Notice how many talk shows there are on TV? On the radio? We Americans have replaced real deeds with talk of real deeds. For instance: the more our teachers talk about "excellence in education", the less excellence one finds in schools. The more our politicians talk about accountability, the less accountable and more corrupt they become.
Talk has become a substitute for action. And it's not even interesting or inspiring speech that emanates from the "talking heads".
When action does come, it comes across as hysterical overreaction and overkill: laying waste to a Third-World country that couldn't even occupy one of our inner-city neighborhoods if it tried (do we really feel like conquerors...and our pathetic excuses for leaders imagine themselves to be in the mold of Alexander the Great or Frederick of Prussia?); sending a 400-plus-strong SWAT team of FBI and BATF agents to "take down" Randy Weaver and his family, killing his unarmed wife, dog and wounding his teenaged son; massacreing religious isolationists and innocents at Waco, Texas.

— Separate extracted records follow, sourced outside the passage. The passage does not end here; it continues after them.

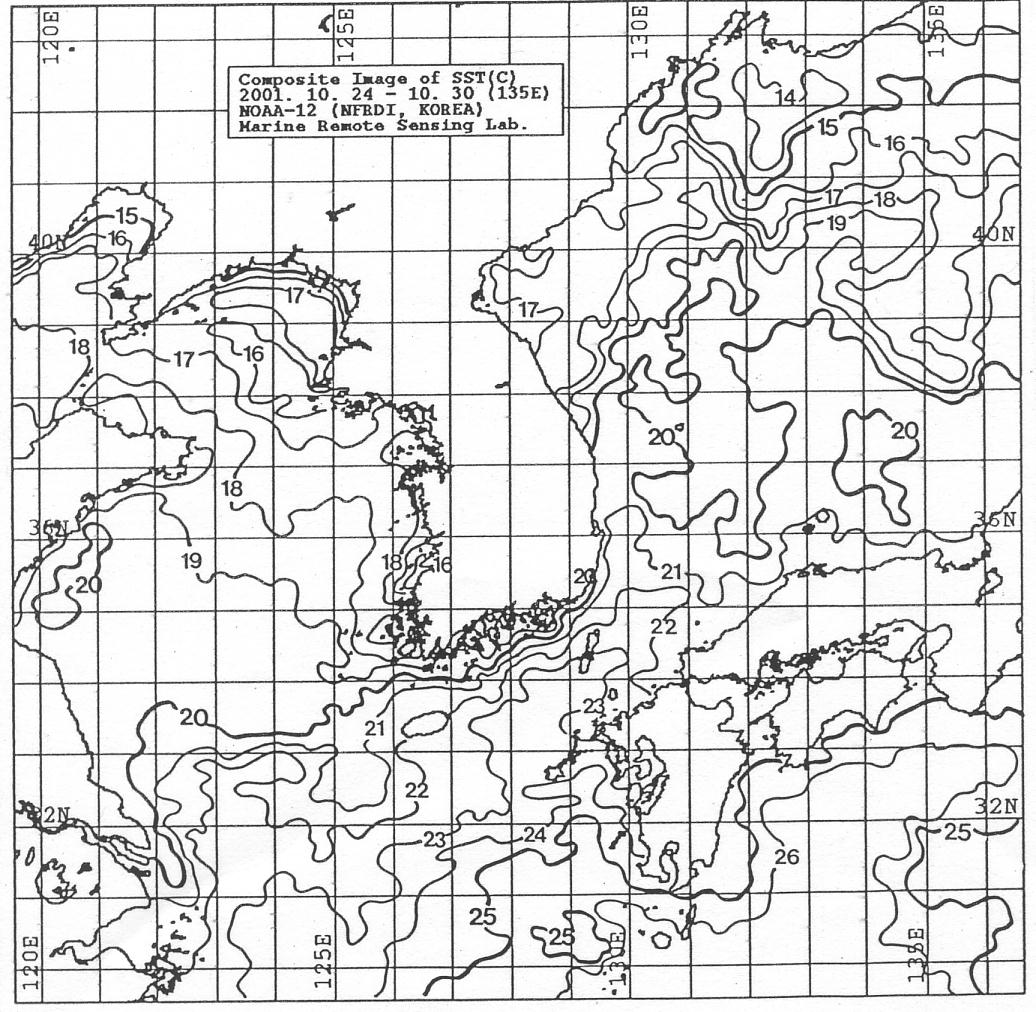 o 2001년 10월 24일부터 10월 30일까지 위성영상을 합성한 광역수온 분포도
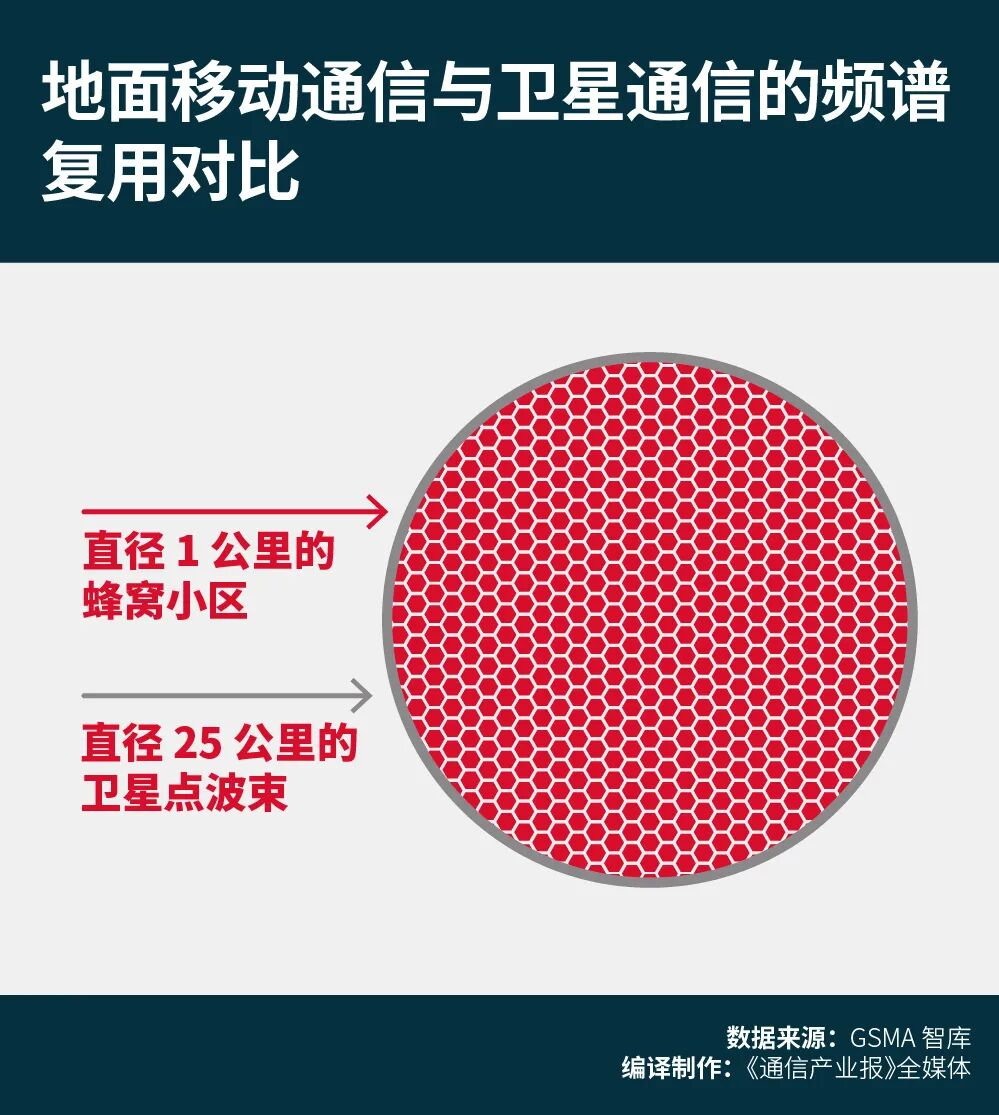 而另一项关键制约因素,卫星点波束覆盖范围过大问题,其根源仍是卫星与智能手机之间的传播距离过远。《报告》认为,尽管D2D标称速率看似较高(星链约17Mbps、AST约120Mbps),但这些速率均为单一点波束的总容量,而非面向单个用户的速率。若D2D的点波束覆盖直径为25千米,其覆盖面积约为490平方千米,该区域内的所有用户需共享这一点波束的总容量。这意味着,在人口密集的城市地区有约超100万人共享同一波束的容量;即便在农村地区,通常也有超10万人共享该容量。
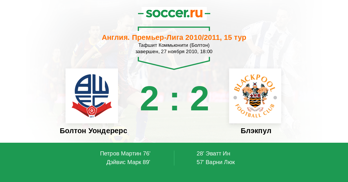 Болтон Уондерерс - Блэкпул: обзор матча 27 ноября 2010
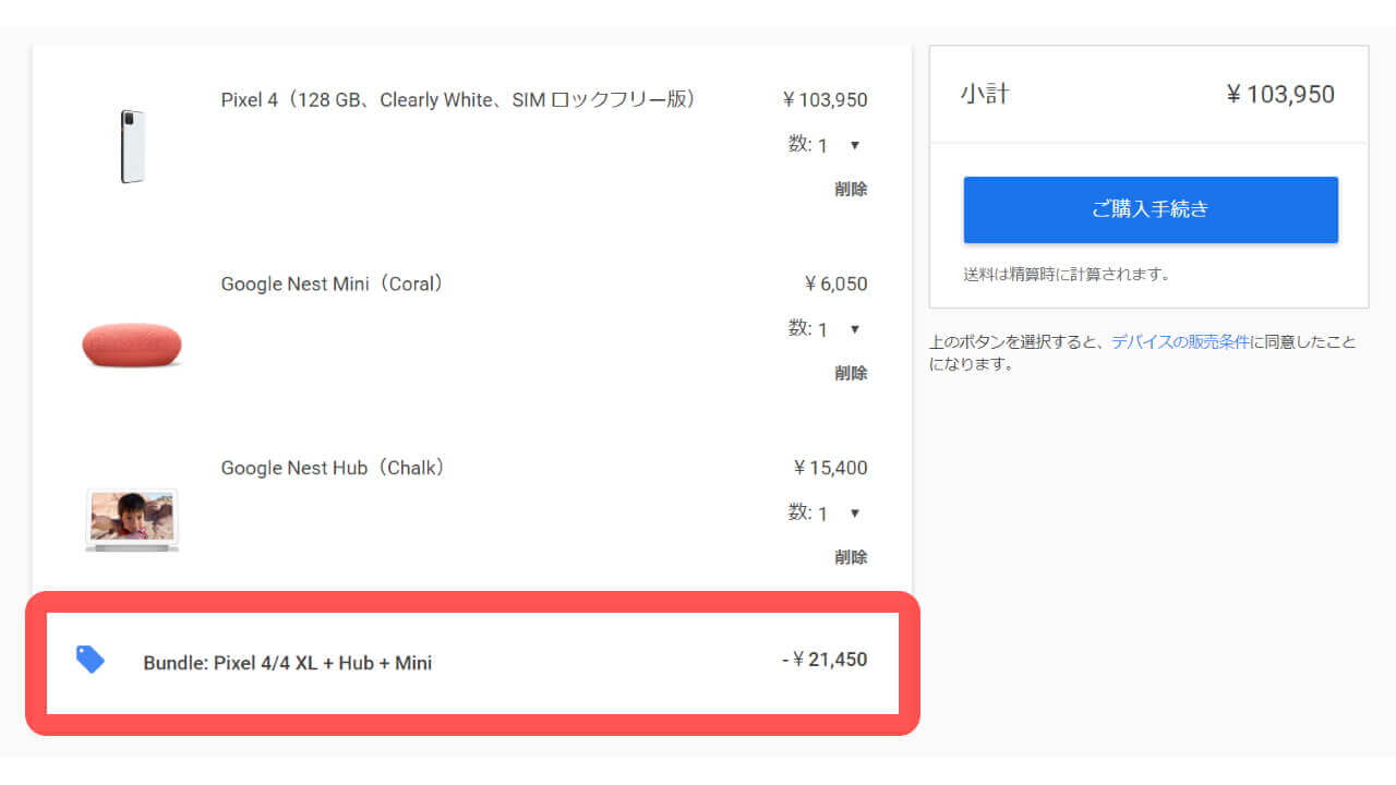 「バレンタイン特別セール」期間中、「Pixel 4」か「Pixel 4 XL」と「Nest Hub」「Nest Mini」をそれぞれショッピングカートに入れて精算を行うだけで、「Nest Hub」と「Nest Mini」が無料になります。合わせて 21,450 円もお得です。
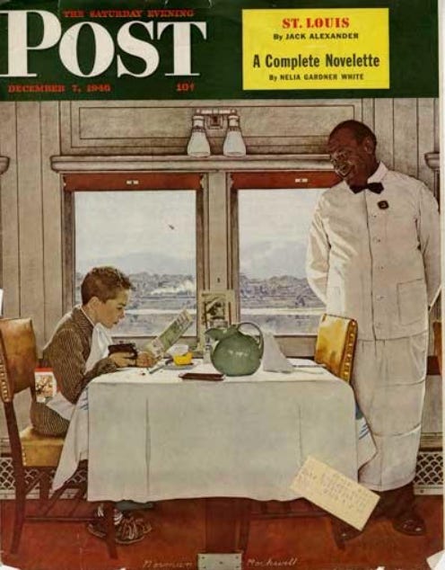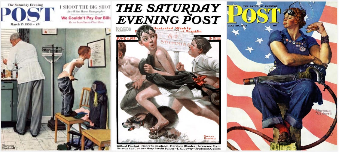 Desde los años 30, el trabajo de Rockwell para el Saturday Evening Post, con sus soda jerks y sus boy scouts, presentaba una visión idílica de un país que, en realidad, apenas existía tal y como él lo retrataba. Era un mundo bello, ordenado y casi uniformemente blanco. No se trataba de una elección estética: era una política editorial.
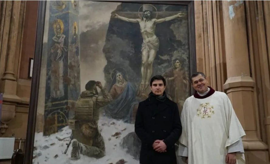 Коли молодий український художник Іван Волошин серед зими в холодній майстерні біля храму святого Миколая в Києві писав картину «Молитва», він виклав на полотні те, що сьогодні переживає Україна. Перед розп’яттям, зображеним на стіні храму, знищеного бомбардуванням, приклонивши коліно, воїн робить хресне знамення. Поруч, на вцілілій колоні, образ святителя Миколая, покровителя київського римо-католицького храму, біля якого постала картина.
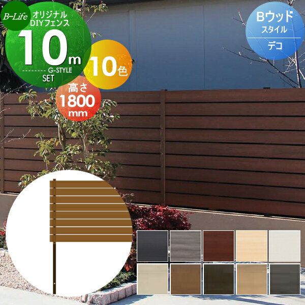 フェンス 目隠し ビーライフ 三富Bウッドスタイル デコ2 ハーフタイプ 約10M(5スパン分) 本体・柱・部品 組立て部材セット H1800mm×L9975mm用 ウッドスタイルフェンスセット 人工ウッド 人工木材 樹脂製 横張り 樹脂製 板材 境界 屋外
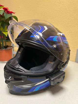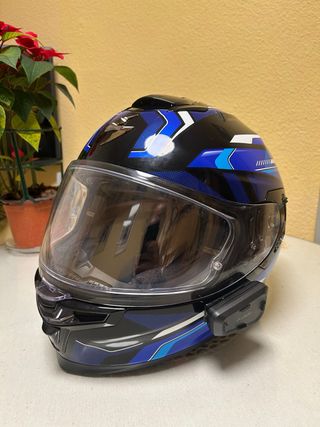 Casco de moto Scorpion EXO con diseño deportivo en tonos azules y negros. NO Incluye un sistema de comunicación Bluetooth. Si incluye pantalla antivaho y otra pantalla más. - Diseño deportivo. - Colores: azul y negro. - Talla L adjunto ticket de haberse comprado el 13 de Diciembre del 2025
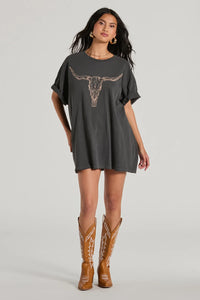 Unleash your inner cowgirl cutie in this oversized graphic tee perfect for country babes! The tee features a crew neckline, oversized short sleeves, and a silhouette with a trendy longhorn bull graphic on a vintage-inspired mineral wash knit fabric. Complete the look in denim shorts or style it as a cute dress with cowboy boots for a festival, concert, or fair!
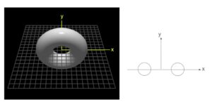 次にトーラスをx軸に対して90°回転した場合を考えてみます。これが次の図です。
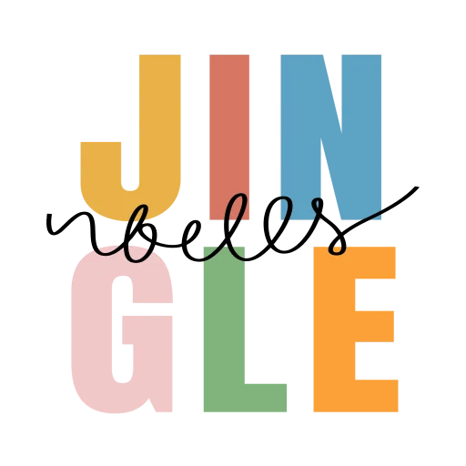Een keramieken tegeltje met de tekst "Jingle bells" waarvan het woord "Jingle" in vrolijke kleuren staat en "bells" in een geschreven letter. De kleur van de achtergrond en de tekst kun je zelf aanpassen. Een messingkleurig ophanghaakje wordt meegeleverd.
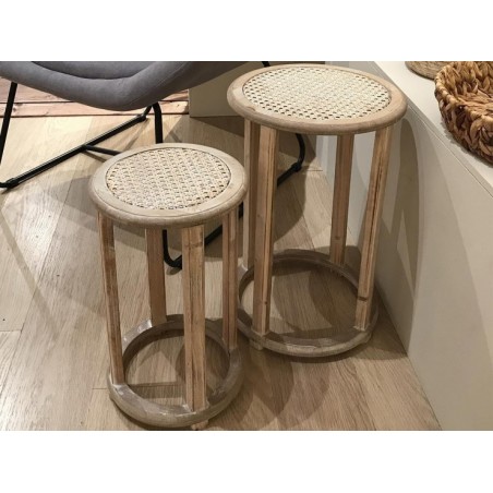 Lot de 2 tables d'appoint cannage - Nos Envies Déco
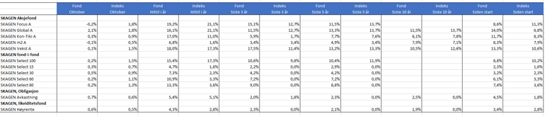 Til trods for modvind for de globale aktier havde lokale investorer fordel af en svag norsk krone. Den nordisk-globale aktiefond SKAGEN Vekst havnede bag sit indeks i oktober med -4,40 pct. i afkast mod indeksets -3,06 pct.
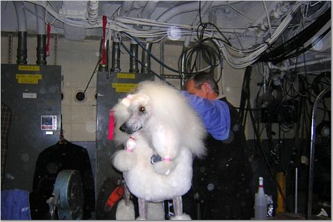 Интересно, можно подготовить голову пуделю на Wестминстере, когда вокруг тебя любопытные, причем, такие, которые даже своих собак готовят, не глядя на них, а глядя на чужих
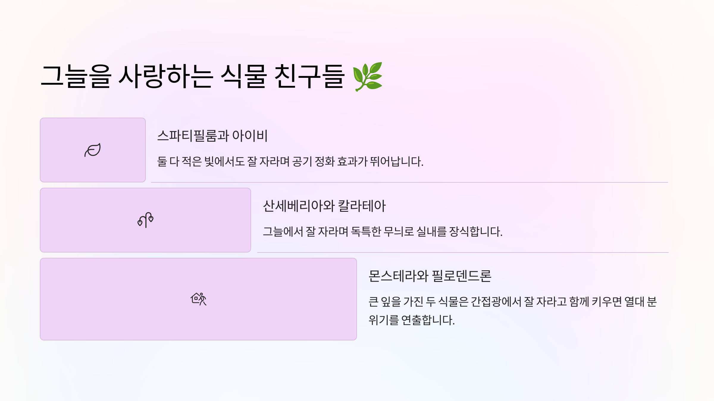 또한 습도를 어느 정도 좋아하기 때문에 욕실 근처나 화장실 창가, 북향 방에 두기 딱 좋아요. 여기에 공기정화 효과까지 겸비한 친구들이라서, 조용히 숨 쉬듯 공간을 깨끗하게 만들어줘요. 빛이 약한 공간일수록 이런 조합이 빛나요.
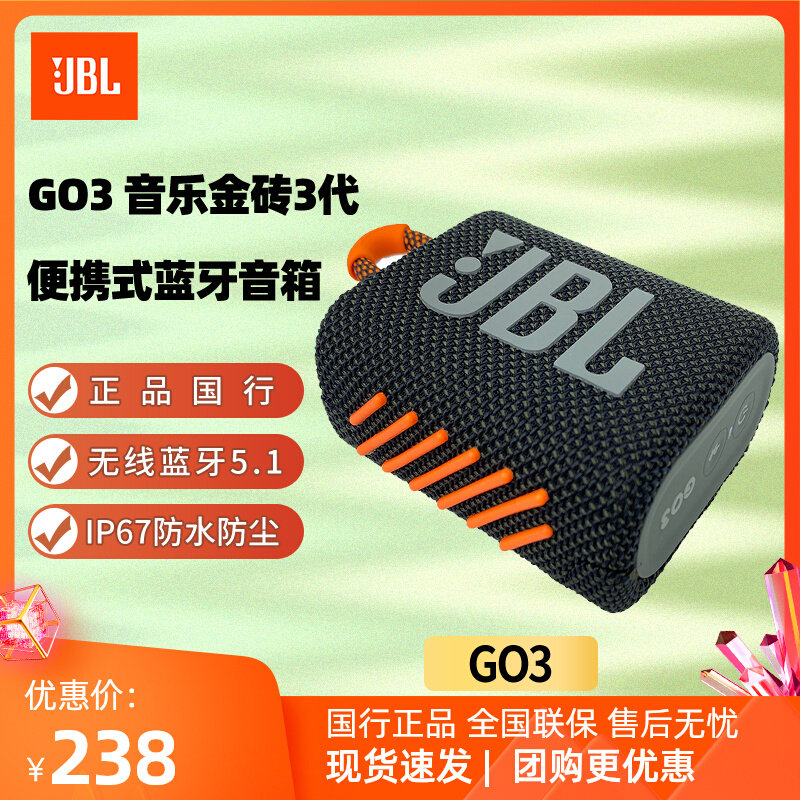 淘宝富氢影音科技,JBL GO3音响音乐金砖无线音箱防水防尘超低音炮便携户外迷你蓝牙
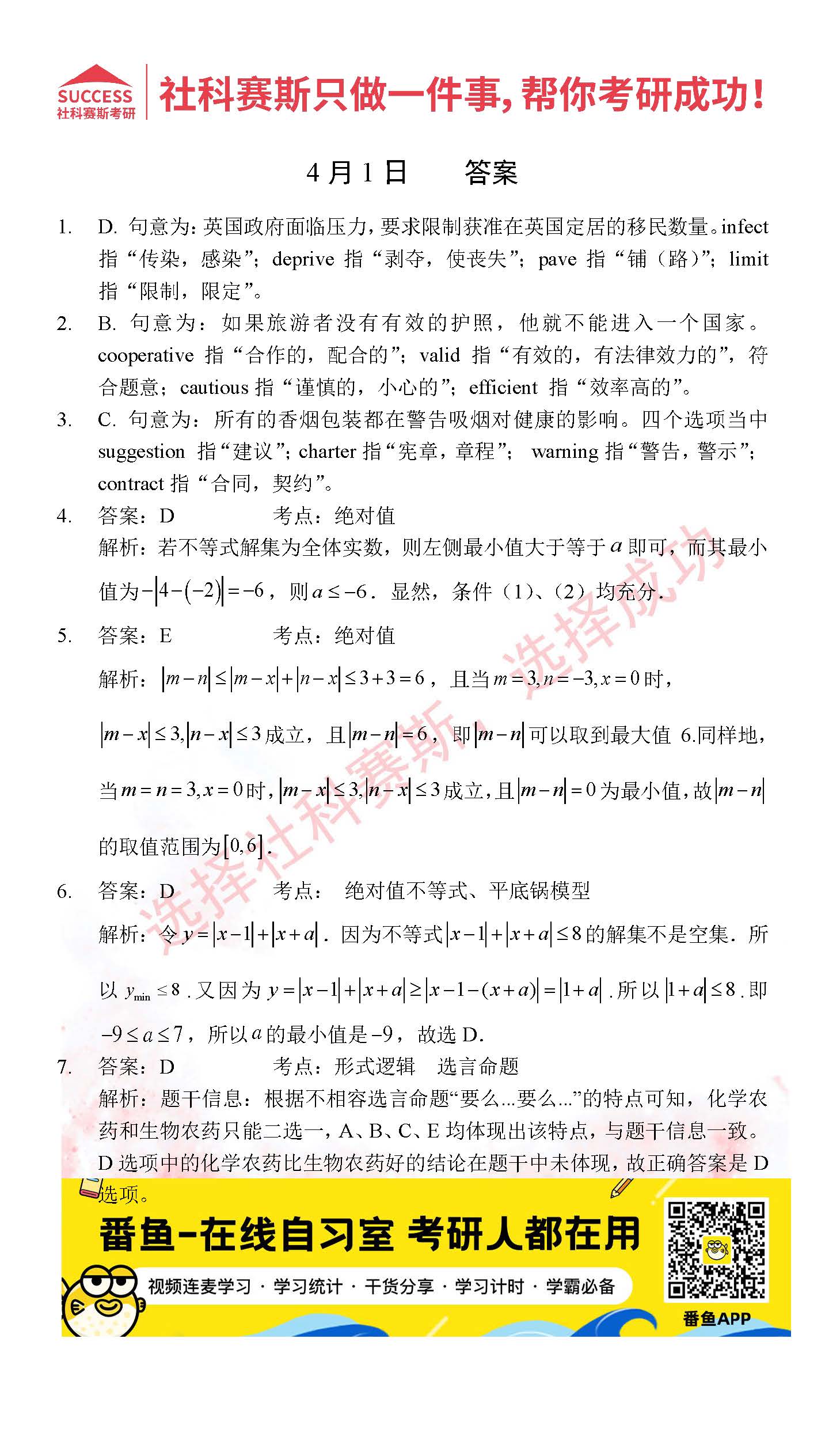 導(dǎo)讀:考研是一場持久戰(zhàn),保持良好的學習習慣,是能確保復(fù)習高效的關(guān)鍵。今天社科賽斯MBA備考網(wǎng)小編整理了“2022管理類聯(lián)考4月1日每日一練及答案”的內(nèi)容,希望能對廣大考生有所幫助。
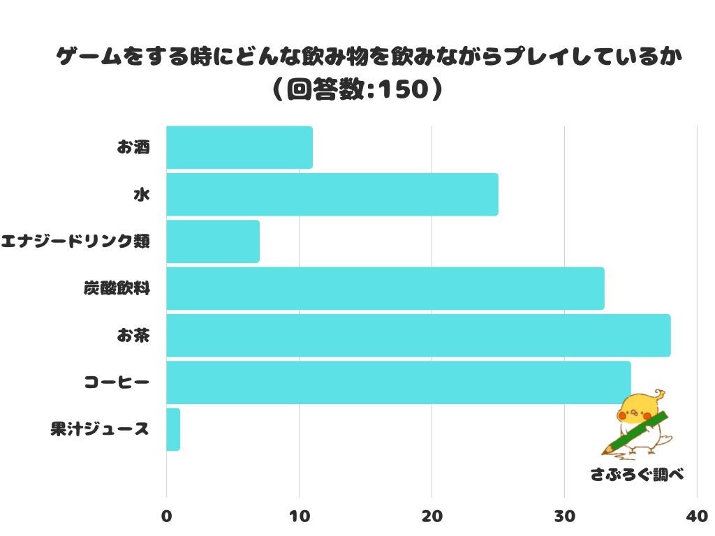 ゲームをする時にどんな飲み物を飲みながらプレイしているをアンケートにて調査したところ、1位は「お茶」でした。
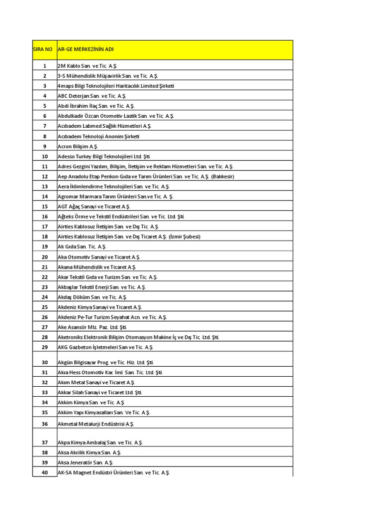 Arge Merkezi Istatistikleri
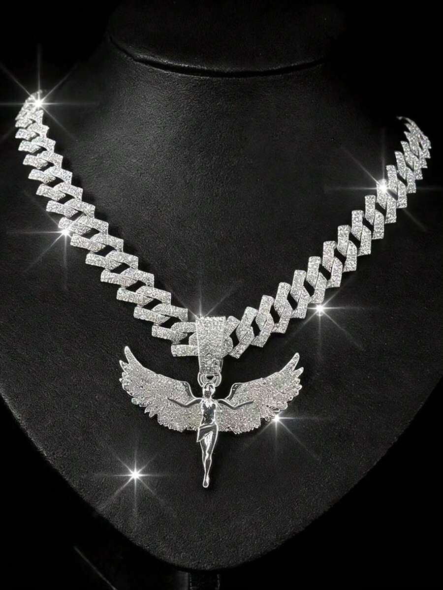 1pc Unisex Fully Rhinestone Angel Pendant Necklace, Fashionable Student Accessory
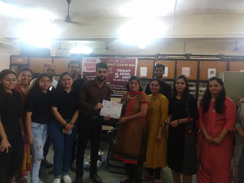 To nurture a sense of social responsibility in our students, MIM conducts blood donation camp every year. This year it was conducted in association with Sankalpa Blood Bank. The event witnessed participation of 200 people and 100 bottles of blood were collected and donated.

It's also reflected in our shift from a manufacturing/farming/mining/shipping/timber economy to a "service" economy. We don't make things anymore, instead we serve...people who do? No, it's all been outsourced, offshored.
A "service" economy presupposes that there are doers, makers, inventors who produce tangible goods that people are willing to spend money on. I recall an article about the threatened closing of a car plant near my house. The report highlighted...who? The people on the assembly line soon to be idled? The foremen? No, it was the waitresses in the nearby restaurants where the auto workers went for lunch every day; the strip malls and surrounding stores where the plant workers did their shopping. Because the car plant produced something tangible, something useful, something that would enable other people to be themselves more productive, all manner of "services" had sprung up around it. But once the assembly line is shut down, the plant shuttered and rusting, all those "service" industries will wither and die. There have to be producers for the service "industry" to serve.
Will we continue to be a world power -- swaggering around the globe pounding tinpot dictatorships into dust -- when we no longer make things, like our soldiers' uniforms, the weapons systems they wield, the troop transports, ships and jeeps? What do we do when China -- as in "Made In" -- declares war on us and we have already surrendered all our manufacturing to them?